Il fattore decisivo non è quali regole si applicano, ma come gli adulti le introducono e le gestiscono.
Non si tratta di stabilire se i bambini guardano una, due o cinque ore di televisione al giorno, se possono mangiare dolci o meno, se devono essere a casa alle 21 o alle 23 o l'importanza dei compiti. Il fattore decisivo è piuttosto il modo in cui queste regole e linee guida vengono introdotte e gestite dagli adulti.

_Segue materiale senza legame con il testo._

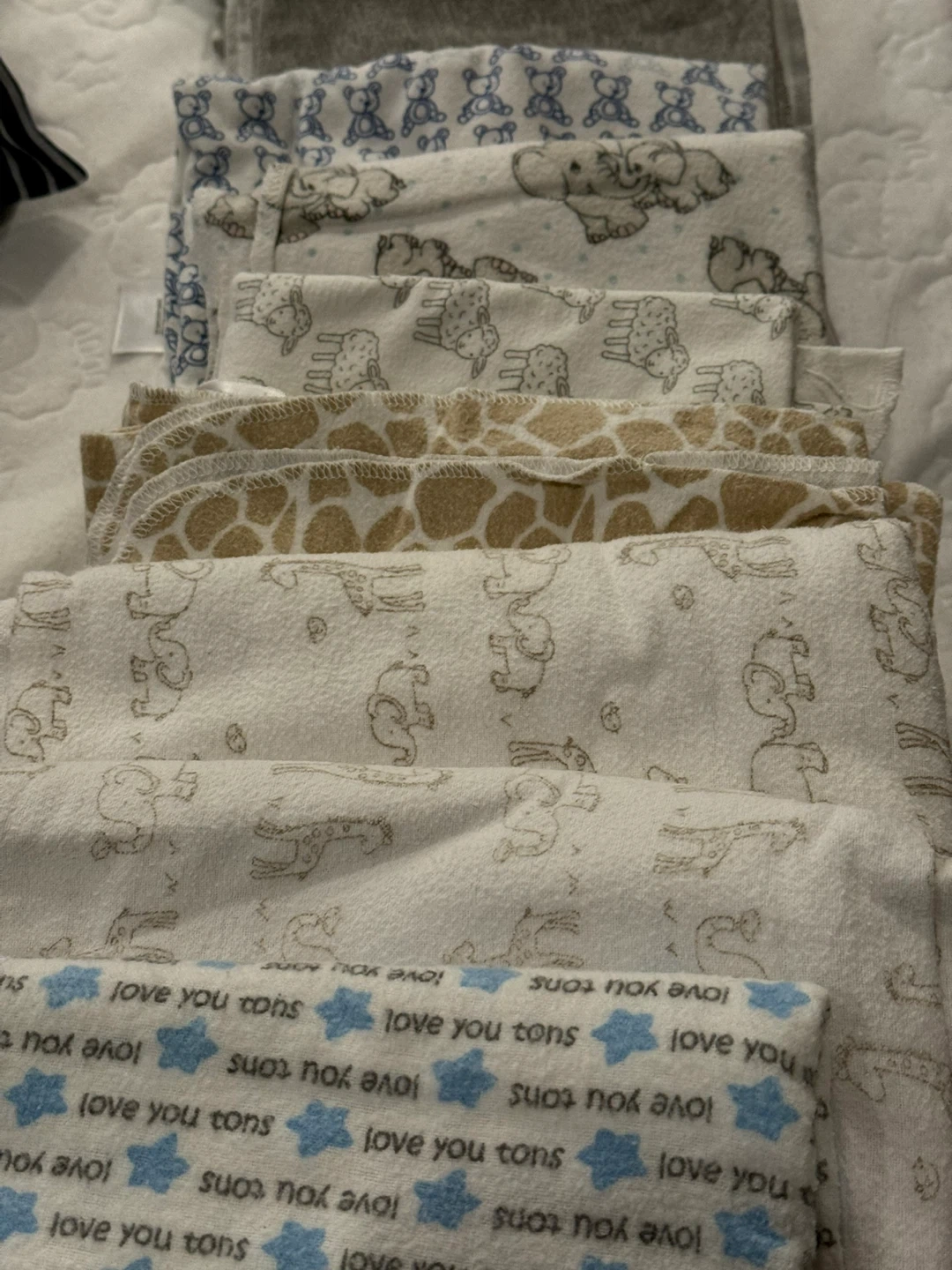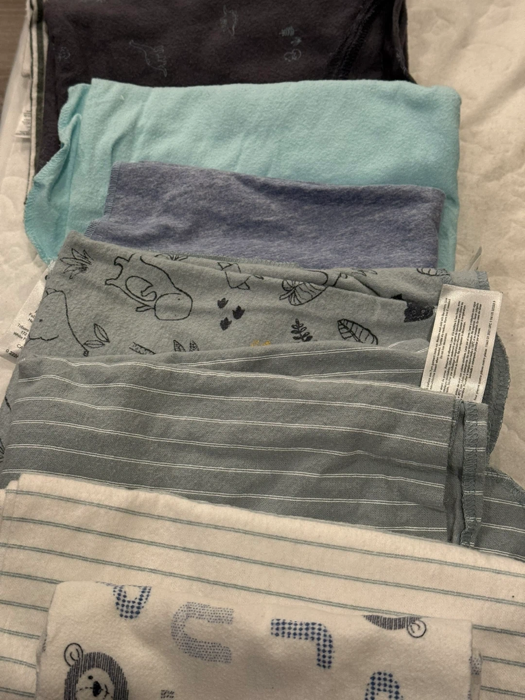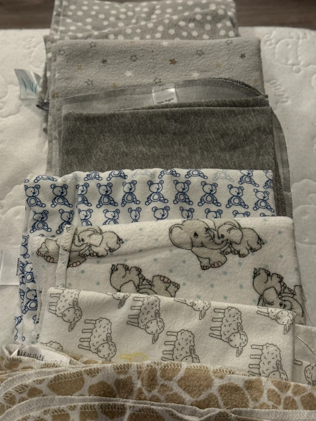 Selling a collection of baby receiving blankets in various cute patterns and solid colours. Total of 30 receiving blankets. $2 each, must be sold as a bundle. They are in great condition and ready for a new baby! There are a mix of colours and patterns, as you can see from the pictures. Perfect for keeping your little one clean and comfy. Thank you for visiting my listing!

Ad esempio, molti genitori cercano di insegnare ai figli ad agire in modo responsabile controllandoli costantemente. Ma questo metodo fallisce quasi sempre. Al contrario, i figli diventano esperti nell'eludere il controllo costante dei genitori, per cui amano lamentarsi di «dover dire tutto cento volte».
Il motivo è che processo e contenuto si contraddicono a vicenda. È come dire: «Voglio che tu ti assuma la responsabilità personale, per questo ti controllo sempre». Una contraddizione mentale che costa molta energia e lascia perplesse entrambe le parti.
L'onere della decisione
Ci sono famiglie in cui i figli detengono indubbiamente la maggior parte del potere. In cui sono loro a determinare in gran parte il destino della famiglia, il che porta a una lotta di potere tra genitori e figli che fa perdere energia. Un esempio: Finn non vuole andare a scuola. Ha undici anni e vive con la madre e il fratello di sei anni. Sua madre si è sposata presto e il suo matrimonio si è rotto poco dopo la nascita del secondo figlio. Il marito beveva molto ed era violento con la moglie e i figli.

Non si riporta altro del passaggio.